# Canard PC & Canardpc.com > Actualité canardpc.com > [Hardware] La peRFID Albion est aujourd'hui japonaise

## La Rédaction

Si avec la direction générale que prend le monde, vous n'êtes pas encore devenu totalement parano, ne vous inquiétez pas, ça va bien venir un jour.

Hitachi vient de présenter la plus petite puce RFID au monde, vous savez, ces bestioles qui permettent l'identification d'absolument n'importe quoi via les ondes radio. Cette puce est désormais miniaturisée à l'extrême, avec des dimensions de 0,05 x 0,05 mm.

La photo présente l'ancienne version à gauche (0,4 x 0,4 mm) et la nouvelle à droite, le trait noir étant un cheveu humain. La puce intègre une ROM de 128 bits, ce qui lui permet de stocker une identification à 38 chiffres.

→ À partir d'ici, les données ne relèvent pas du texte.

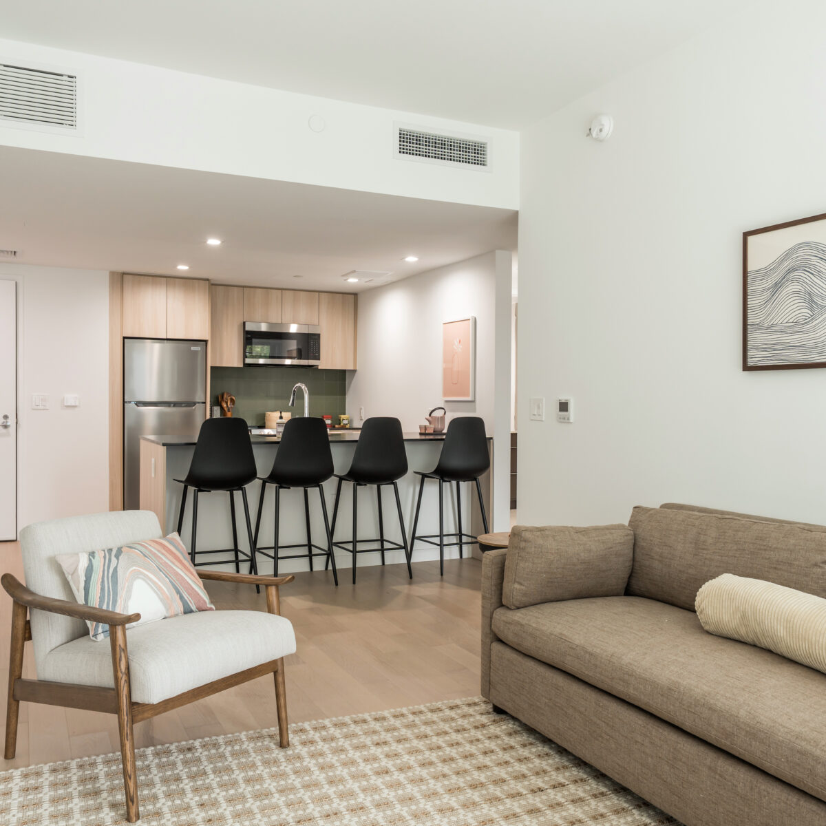 The MEP systems included high-efficiency condensing domestic hot water heater plants serving each tower, high-efficiency variable refrigerant volume (VRV) heat pump and heat recovery systems providing heating and cooling throughout the development, and energy recovery ventilation (ERV) systems serving base building areas, residential amenities, and common spaces. Additional systems included new electrical service and distribution, fire protection and standpipe systems, fire alarm systems, dedicated ventilation provisions for retail and supermarket spaces, and a CO/NO-controlled parking garage exhaust system utilizing jet vent fans. Rooftop mechanical equipment was coordinated with zoning-compliant screening and integrated with rooftop amenity areas.

Avec une telle technologie, tous les délires les plus angoissants sont envisageables, car il serait naïf de penser qu'elle ne servira qu'à l'identification des pots de yaourt et autres paquets de lessive. C'est un avis personnel, bien sûr.

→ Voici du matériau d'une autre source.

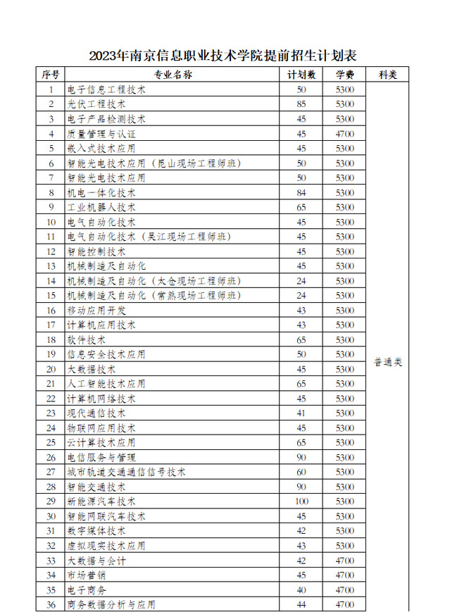 2023年南京信息职业技术学院提前招生计划

Voir la news (1 image, 0 vidéo )

----------


## PrinceGITS

> il serait naïf de penser qu'elle ne servira qu'à l'identification des pots de yaourt et autres paquets de lessive.


Wabon ? Ce n'est pas pour aller plus vite en caisse en se passant des caissières que cette technologie est développée ?   ::ninja::

----------


## Mad

Perfide Albion, je suppose, puisque le Royaume Uni des gens qui roulent dans le bon sens fut le premier à autoriser l'implantation de ces pupuces sur les .. lames de rasoir je crois. 

Quoiqu'il en soit, ma parano galopante du complot mondial prend un coup de jeune là, merçi !

----------


## azay

Fish, PGTIS, Mad, avalez vos pilules, et retournez jouer avec vos cailloux... Et le premier qui s'approche de la grille, il se prend un coup de matraque.

----------


## Cariboux83

On est tous foutRus.

----------


## mmt-akh

> Fish, PGTIS, Mad, avalez vos pilules, et retournez jouer avec vos cailloux... Et le premier qwui s'approche de la grille, il se pren un coup de matraque.


zut pris de vitesse

----------


## RedGuff

Bonjour.  ::): 



> Avec une telle technologie, tous les délires les plus angoissants sont envisageables, car il serait naïf de penser qu'elle ne servira qu'à l'identification des pots de yaourt et autres paquets de lessive. C'est un avis personnel, bien sûr.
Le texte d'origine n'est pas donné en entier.